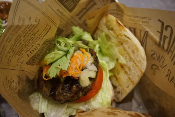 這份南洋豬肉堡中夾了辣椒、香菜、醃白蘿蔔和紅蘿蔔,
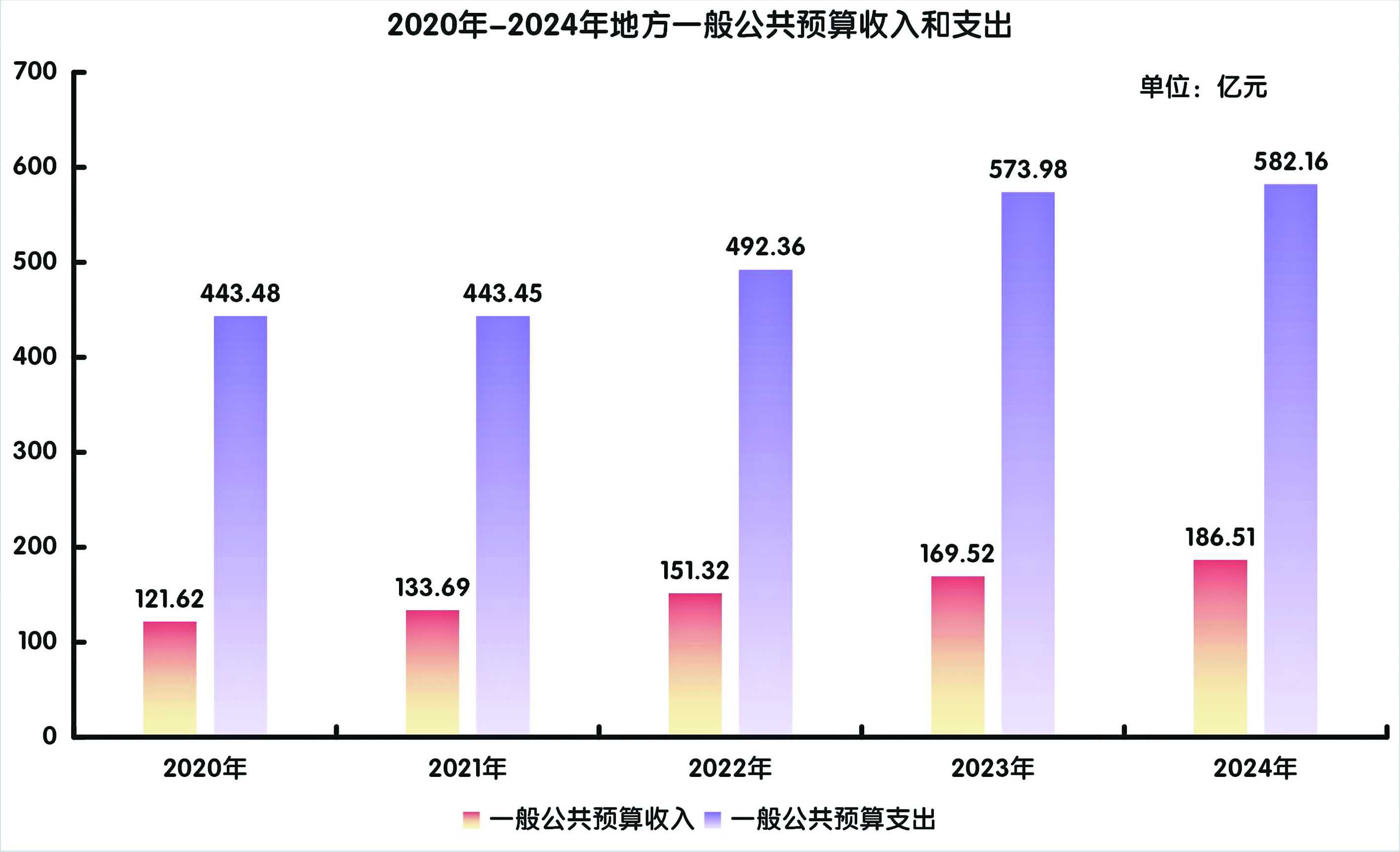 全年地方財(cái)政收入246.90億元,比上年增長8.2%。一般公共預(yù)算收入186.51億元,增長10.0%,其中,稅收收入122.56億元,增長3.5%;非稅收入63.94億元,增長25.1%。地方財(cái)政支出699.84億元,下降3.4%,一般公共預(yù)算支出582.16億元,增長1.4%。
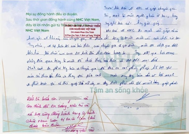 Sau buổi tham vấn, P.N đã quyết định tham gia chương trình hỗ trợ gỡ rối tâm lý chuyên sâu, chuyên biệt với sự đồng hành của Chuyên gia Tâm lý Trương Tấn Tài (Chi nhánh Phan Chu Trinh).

------------------------------

About this task: Print the whole listing exactly, please, and keep any images out of it.

Answer to the problem:
 這份南洋豬肉堡中夾了辣椒、香菜、醃白蘿蔔和紅蘿蔔,
 全年地方財(cái)政收入246.90億元,比上年增長8.2%。一般公共預(yù)算收入186.51億元,增長10.0%,其中,稅收收入122.56億元,增長3.5%;非稅收入63.94億元,增長25.1%。地方財(cái)政支出699.84億元,下降3.4%,一般公共預(yù)算支出582.16億元,增長1.4%。
 Sau buổi tham vấn, P.N đã quyết định tham gia chương trình hỗ trợ gỡ rối tâm lý chuyên sâu, chuyên biệt với sự đồng hành của Chuyên gia Tâm lý Trương Tấn Tài (Chi nhánh Phan Chu Trinh).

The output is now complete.